Crystal Mason Makes Appeal After Being Imprisoned For Illegally Voting

“This is one of the most important voting rights cases in modern Texas history,” Andre Segura, legal director for the American Civil Liberties Union of Texas said in a press release on Monday (November 30). 

In 2016, Crystal Mason, a Black woman, cast a provisional ballot in Texas while she was not eligible to vote. She was charged in 2018 and sentenced to five years in prison. 

Mason was on supervised release for a previous tax fraud conviction when she voted in 2016. According to Texas state law, people with felony convictions cannot vote until their sentence is completed. 

At the time of her trial, Mason said that she was not aware of the state law which rendered her ineligible. A probation officer even testified in the case that he didn’t warn her about the rule and consequences if she did attempt to vote. 

Her provisional ballot was never counted, according to a report by Huffington Post, but she was still convicted and sentenced. 

Her case sparked national outrage, with civil rights activists highlighting the country’s history of voter suppression and disproportionate legal consequences Black people face while attempting to exercise their right to vote. 

A lower appeals court upheld Mason's conviction earlier this year in March.  

Now, Mason and a team of attorneys from the Texas ACLU, are making an appeal to the Court of Criminal Appeals, which is essentially the state’s supreme court. 

They are citing the court's reversal of former US Tom DeLay's 2013 campaign finance violations conviction as precedent in the appeal.

"In reversing the criminal conviction of former Republican US Rep.
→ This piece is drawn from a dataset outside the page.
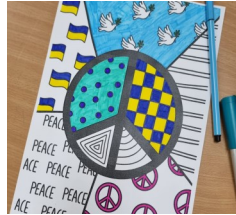
Kinderbilder geben den Menschen im Krieg Hoffnung

Tom DeLay, the Court held that an individual must actually realize they are acting in violation of the Election Code in order to be lawfully convicted for such a violation," Segura stated.

In an earlier interview with Huffington Post, Mason said that the conviction had already shattered her life. She shared she’d lost her job and was at risk of losing her home. Mason said that many responsibilities had to be turned over to her teenage daughter while she went to prison. 

Mason was released to a halfway house in the spring of this year.